Conclusion: who should buy this game

GOTHIC DOCTOR has no aspirations to be anything more than a light filler, and I do not expect anything more from it. The game is better than it looks, but it looks terrible. It has a great theme, but the gameplay isn’t very interesting. I suppose it might appeal to people who have an interest in the subject matter.

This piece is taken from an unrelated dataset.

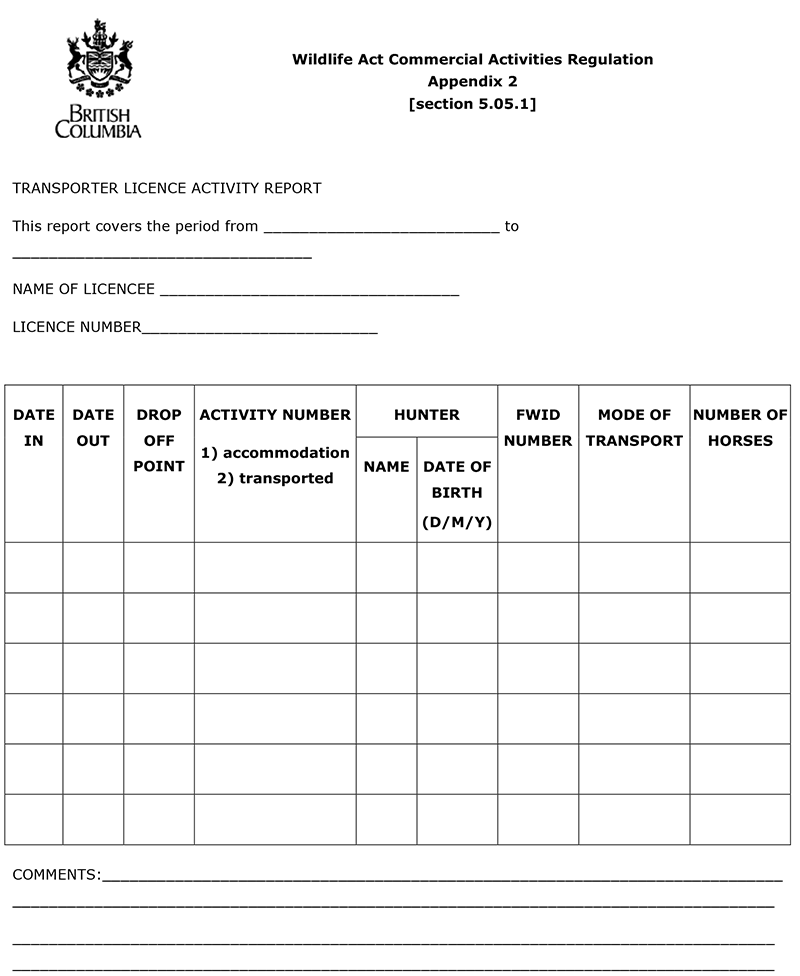 | TRANSPORTER LICENCE ACTIVITY REPORT This report covers the period from ........................................ to ........................................ NAME OF LICENSEE ................................................................................................... LICENCE #....................................... | |||||||||||||||||||||||||||||||||||||||||||||||||||||||||||||||||

It is a rather innocuous little game. It could be a good choice for those who don’t like Coup because they aren’t good at bluffing, or Hanabi because they hate memory games.

Game NameGothic Doctor
Designers: Doug Levandowski and John McNeill
PublisherMeltdown Games
Year: 2014
Players: 2-4
Ages: 12+
Play time: 30 minutes
Mechanics: Set collection, hand management, exorcism
MSRP: $25
Weight: Medium-Light

Rob Gardiner is the sole survivor of a doomed planet, where children are raised on Monopoly and Clue, and teenagers are forced to play Trivial Pursuit and Pictionary in zero gravity. That all changed on that fateful day in 2009 when he was bitten by a radioactive spider AND introduced to Settlers of Catan, on the same day! Catan opened the door to designer board games, but DOMINION is the one that grabbed him by the lapels, dragged him through the door, and barricaded it shut behind him. THERE WAS NO TURNING BACK. In his secret identity as a mild mannered admin specialist, Rob dances the lindy hop, cooks like an Italian grandma, and volunteers at ALL the best Seattle events. He doesn't know how many flavors of ice cream he has made, because he stopped counting when he hit 150. Children and small animals trust him. He insists that he is a connoisseur of fine chocolate, but he is NOT a snob.

Bottom line: Gothic horror readers, Victorian enthusiasts, and medical professionals might derive more pleasure from this filler game than is inherent in the cards themselves. For everyone else, the bland flavor text, poor illustrations, and lackluster gameplay make GOTHIC DOCTOR more of a miss than a hit.

Rob Gardiner

Unless otherwise stated, the product in this article was provided for review purposes.